▶ **ACTIVITY**:
Write out the lines below exactly, beginning at the one with "- Journalistic Association: The" and stopping after the one with "- December 8, 2024: Fazal"; the pictures are not copied.

▶ **DATA TO EXAMINE**:

..........

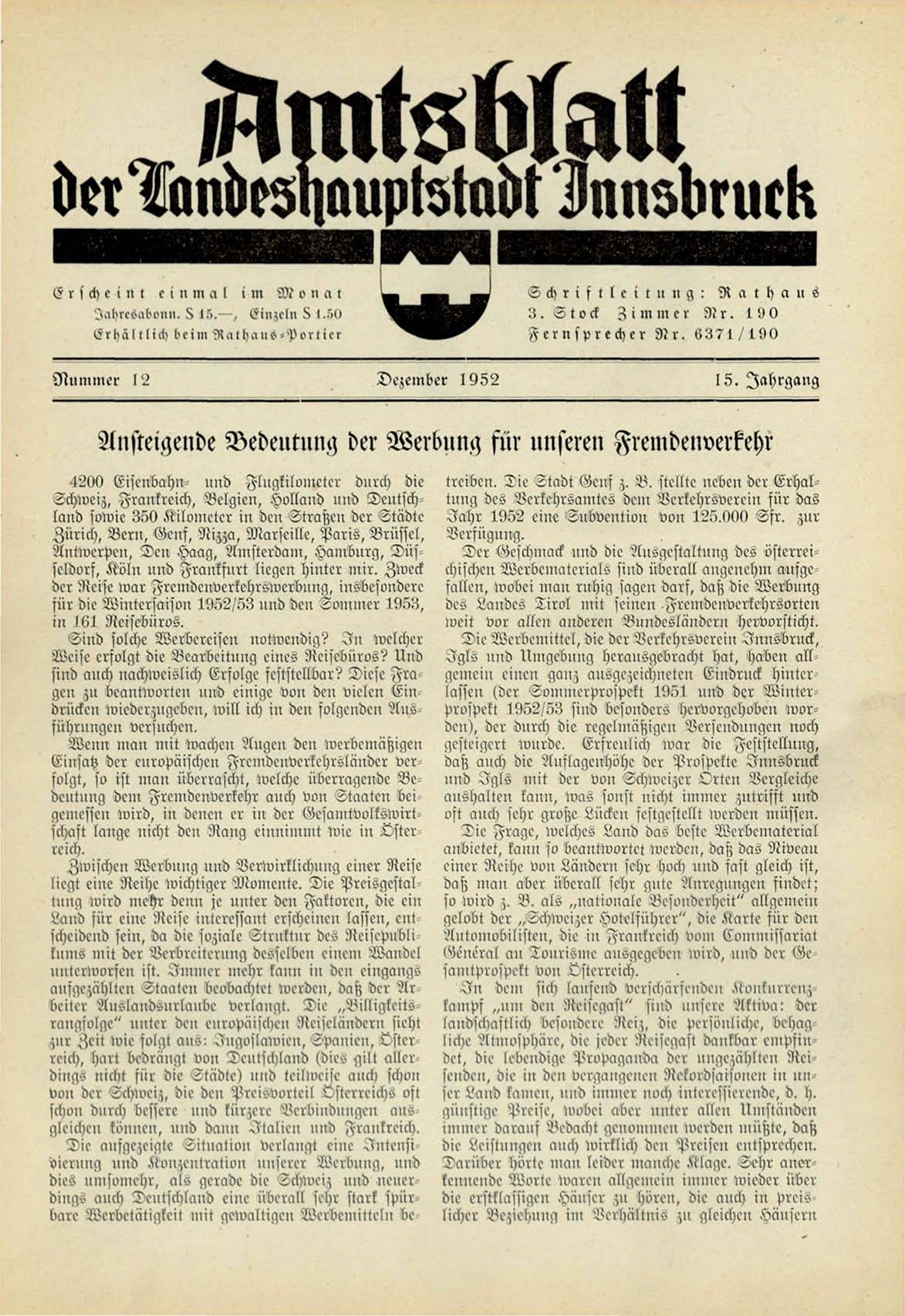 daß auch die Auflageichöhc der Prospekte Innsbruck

..........

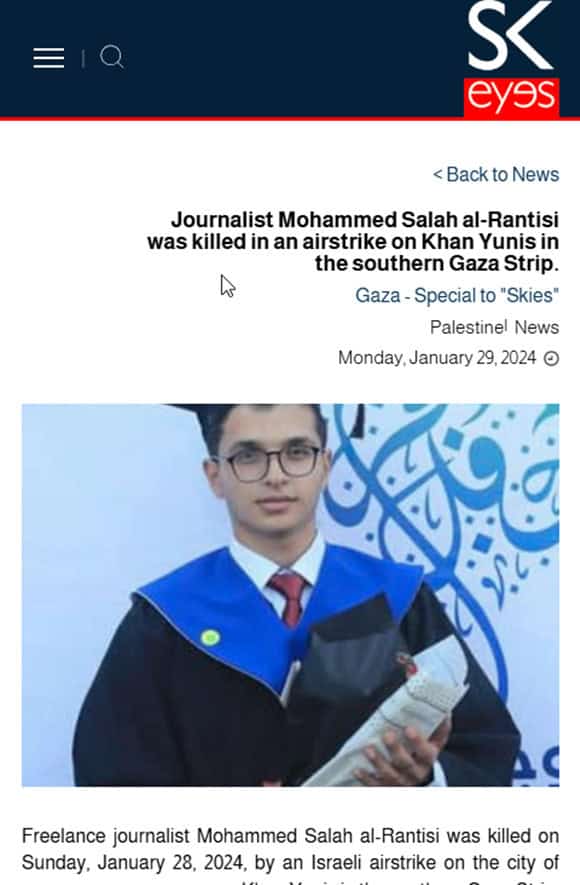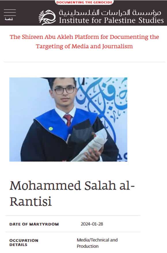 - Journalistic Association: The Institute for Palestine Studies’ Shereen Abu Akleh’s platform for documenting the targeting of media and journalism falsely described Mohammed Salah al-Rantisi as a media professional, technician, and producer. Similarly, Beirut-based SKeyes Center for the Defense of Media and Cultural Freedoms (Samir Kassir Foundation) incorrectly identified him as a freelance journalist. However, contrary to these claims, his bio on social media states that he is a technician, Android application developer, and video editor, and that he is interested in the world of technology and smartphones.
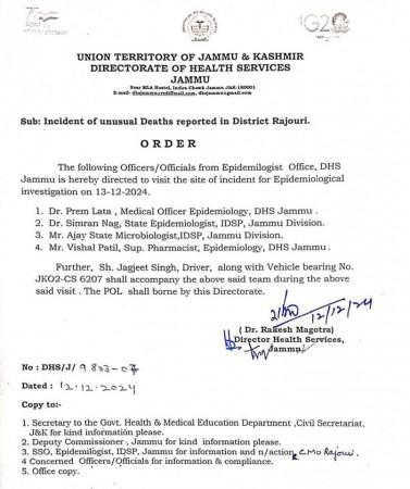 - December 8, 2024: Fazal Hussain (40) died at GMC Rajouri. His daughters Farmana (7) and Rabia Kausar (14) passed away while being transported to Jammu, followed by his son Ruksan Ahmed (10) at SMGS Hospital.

..........

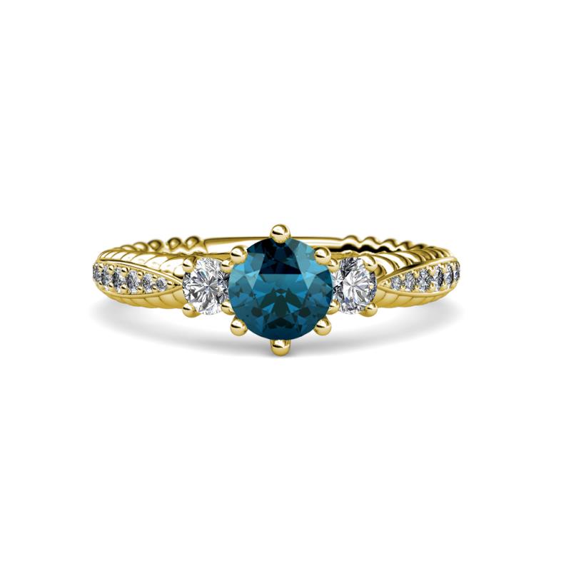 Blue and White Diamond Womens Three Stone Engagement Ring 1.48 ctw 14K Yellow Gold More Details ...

..........

▶ **RESPONSE BELOW**:
 - Journalistic Association: The Institute for Palestine Studies’ Shereen Abu Akleh’s platform for documenting the targeting of media and journalism falsely described Mohammed Salah al-Rantisi as a media professional, technician, and producer. Similarly, Beirut-based SKeyes Center for the Defense of Media and Cultural Freedoms (Samir Kassir Foundation) incorrectly identified him as a freelance journalist. However, contrary to these claims, his bio on social media states that he is a technician, Android application developer, and video editor, and that he is interested in the world of technology and smartphones.
 - December 8, 2024: Fazal Hussain (40) died at GMC Rajouri. His daughters Farmana (7) and Rabia Kausar (14) passed away while being transported to Jammu, followed by his son Ruksan Ahmed (10) at SMGS Hospital.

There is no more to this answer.